Even though most TE occur during active disease,[14,18] the overall risk of these events is significant during all phases of the disease, supporting the hypothesis of a prothrombotic tendency in IBD regardless of disease activity.[9,18,20] In our study, irrespective of IBD phenotype, most included patients were in clinical remission at baseline (57.1% with UC and 65% with CD). Only a small percentage of these patients had severe disease (Harvey–Bradshaw score > 16 in 1% of CD patients and partial Mayo score ⩾ 7 in 12.2% of UC patients) or required hospitalization or corticotherapy during follow-up due to a disease flare, in which the hypercoagulable state can be intensified. IBD patients in our center are closely followed in IBD consultations, especially those on biological therapy, who are also monitored in a day hospital during drug infusion. To avoid severe disease flare, blood samples to assess inflammatory biomarkers and clinical scores to assess disease activity are used on a regular basis. Also, all patients initiated on anti-TNF therapy are submitted to proactive therapeutic drug monitoring during maintenance to ensure optimal drug through levels and improve IBD therapy outcomes. The majority (55.7%) of included patients were under anti-TNF, anti-integrin α4β7 or anti-interleukin 12–23, and a smaller percentage (37.6%) were medicated with nonbiologic immunomodulators or aminosalicylates. Therefore, we can infer that a strict control of disease activity may have contributed to the absence of IBD complications like TE.

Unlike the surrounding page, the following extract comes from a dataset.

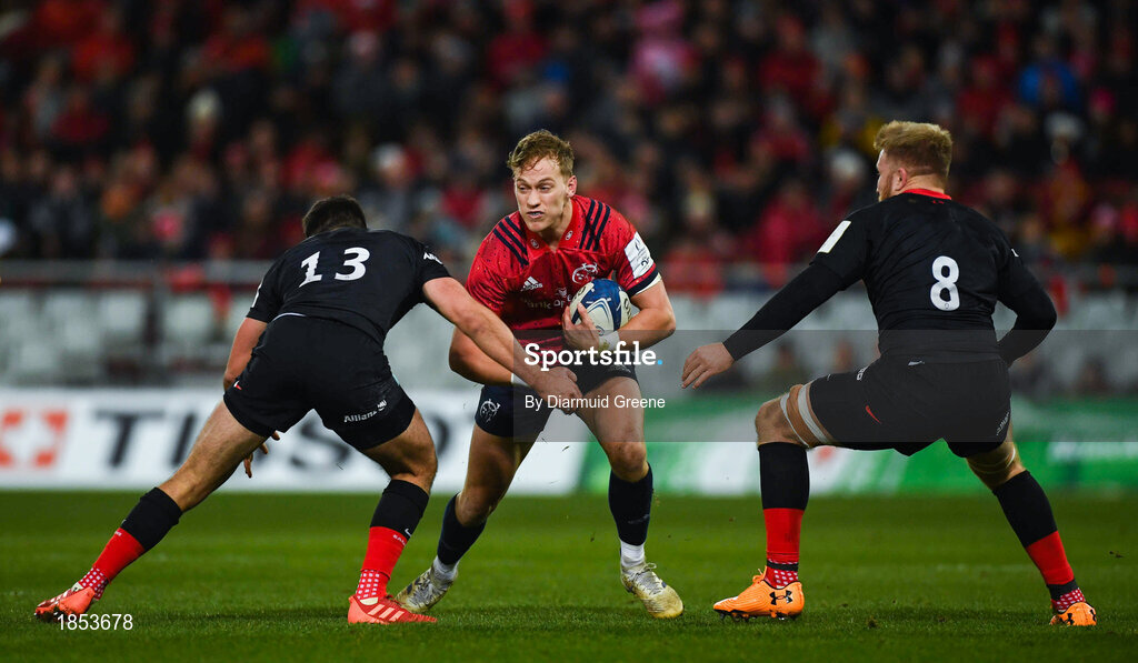 7 December 2019; Mike Haley of Munster is tackled by Alex Lozowski and Jackson Wray of Saracens during the Heineken Champions Cup Pool 4 Round 3 match between Munster and Saracens at Thomond Park in Limerick. Photo by Diarmuid Greene/Sportsfile

In this study, the low percentage of patients with moderate to severe active disease could partially explain the absence of TE.

The effect of other risk factors for thrombosis, such as hospitalization, surgery, pregnancy, and medication, are also important to consider in IBD patients.

Corticosteroids are useful in IBD exacerbations, but they are also likely to increase the risk of thrombosis.[23-25] In fact, these drugs can enhance platelet functions and promote hemostasis, thus it is still controversial whether the thrombotic risk is induced solely by IBD itself. However, biological therapy with anti-TNFα seems to decrease the occurrence of these events,[25,27] while the evidence for vedolizumab and ustekinumab is still limited. In our study, during the 36 months of follow-up, almost 20% of UC and CD patients needed oral corticosteroids due to active disease, but most patients (55.7%) were also on biological therapy as a maintenance therapy. This could have attenuated the adverse effects of corticosteroids regarding its association with venous TE. None of the patients with UC who were medicated with tofacitinib, which is described to be associated with increased odds of TE.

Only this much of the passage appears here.